Uma terceira irmã, porém, não entra no espaço da cozinha, não é iniciada nas lides domésticas, e como tal não participa da criação do espaço para a fuga que as irmãs promovem: Leticia, que sofre de paralisia parcial e que acabará por converter-se em personagem central deste conto. É que a paralisia de Leticia, contrariando justamente a noção de movimento inerente à fuga desejada pelas irmãs, acabará por sintetizar o destino de fracasso desse ensejo, pelo sobrepujamento das condicionantes de coerção, imagem de uma condição humana vivida sob o signo da insuficiência e, como tal, do desencanto. Sobre ela, diz-nos a narradora que «daba la impresión de una tabla de planchar parada. Una tabla de planchar con la parte más ancha para arriba, parada contra la pared». Como se vê, Leticia não apenas lhe vê recusado, por constrição física, o movimento, como é comparada a um instrumento doméstico, convertendo-se em símbolo, aos olhos das irmãs, da sua futura condição serviçal, na expectativa da sua dependência doméstica.
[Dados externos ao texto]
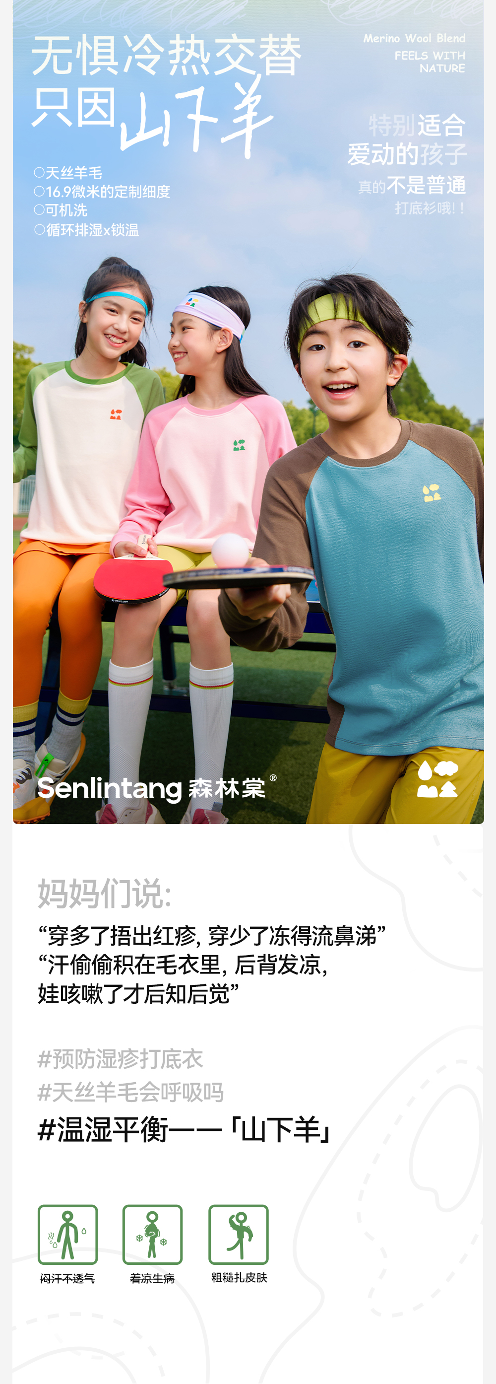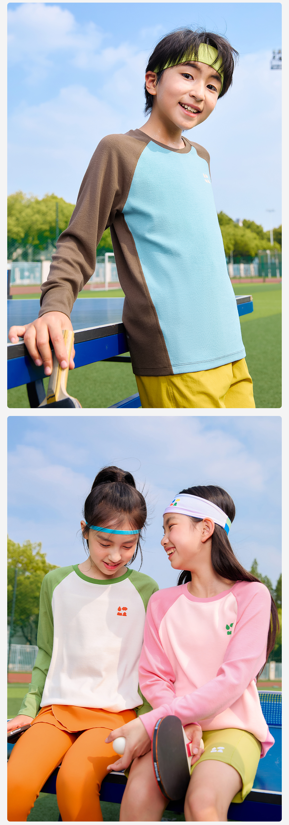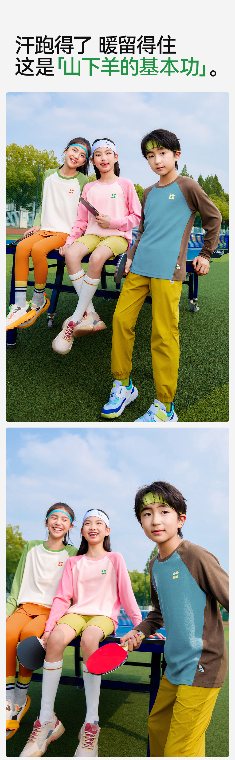 【天丝羊毛插肩T恤】森林棠25秋新款 儿童运动排汗拼色保暖打底上衣60253182
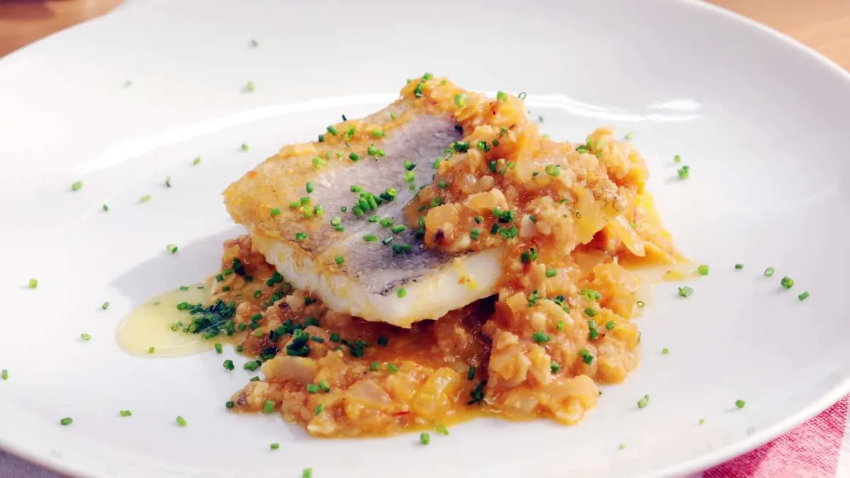 Sirve el bacalao con la salsa de almendras, decora con cebollino.

A rapariga converte-se assim numa espécie de último cordão umbilical que une as irmãs à casa e à sua infantilidade e, como tal, ao futuro a que procuram escapar. A sua leitura da literatura infantil e irrealista de Rocambole, no interior de um quarto nos fundos da casa, desprezada pela irmã narradora, a ingenuidade e singeleza dos seus sonhos, a pureza das suas estátuas e atitudes idealizadas (princesas, vénus, generosidade, renúncia, sacrifício), fazem de Leticia uma figura da regressão obsessiva ao lado infantil da relação com o mundo, àquele domínio onde uma infantilidade exacerbada se converte em correlativo correctivo de uma realidade não satisfatória. Aos olhos das irmãs, Leticia representará assim a resistência da infância, carente como é de perpétuos cuidados adultos, de uma quase absoluta dependência dos outros e, como tal, da impossibilidade radical da individuação desejada pelas adolescentes. É-nos oferecida por Cortázar através de uma poderosa e comovente imagem de rapariga paralítica brincando junto à linha do comboio, num sítio onde se está velozmente de passagem, ironia da condição humana fracturada.